When inserted a new node I made sure that in rotation data won't get missed plus, for each single node from the new one till the root I did:
But I wasn't successful implementing WorseBefore(d).
Where to search?
First you need to find the node node corresponding to d in the tree ordered by days. Let x = Sick(node). This can be done in O(log n).
If maxLeftSick(node) > x, the solution must be in the left subtree of node. Search for the solution there and return the answer. This can be done in O(log n) - see below.
Otherwise, traverse the tree upwards towards the root, starting from node, until you find the first node nextPredecessor satisfying this property (this takes O(log n)):
nextPredecessor is smaller than node,
and either
Sick(nextPredecessor) > x or
maxLeftSick(nextPredecessor) > x.
If no such node exists, we give up. In case 1, just return nextPredecessor since that is the best solution.

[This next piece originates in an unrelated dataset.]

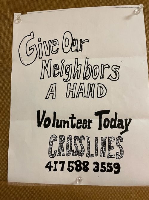 Crosslines can always use extra hands for a variety of jobs. Extra hands free Viola and Melissa Blankenship, who manage Crosslines, to see to tasks that they haven’t been able to because of the day to day needs at Crosslines that must be met. So, if you have been thinking about volunteering, but just need a sign.
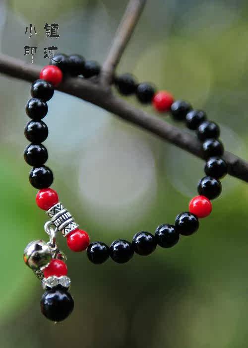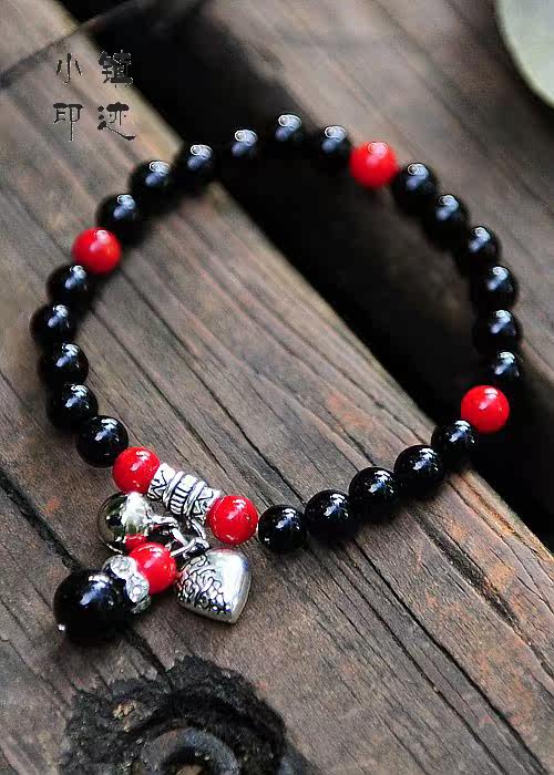 Materials: black onyx, red coral beads, Tibetan silver, elastic cord

In case 2, we know that the solution must be in the left subtree of nextPredecessor, so search there and return the answer. Again, this takes O(log n) - see below.
Note that there is no need to search in the right subtree of nextPredecessor since the only nodes that are smaller than node in that subtree would be the left subtree of node itself, and we have already excluded that.
Note also that it is not necessary to traverse further up the tree than nextPredecessor since those nodes are even smaller, and we are looking for the largest node satisfying all constraints.
How to search?
OK, so how do we search for the solution in a subtree? Finding the largest day within a subtree rooted in q that is worse than an infection number x is simple using the maxLeftSick and maxRightSick information:
If q has a right child and maxRightSick(q) > x then search in the right subtree of q.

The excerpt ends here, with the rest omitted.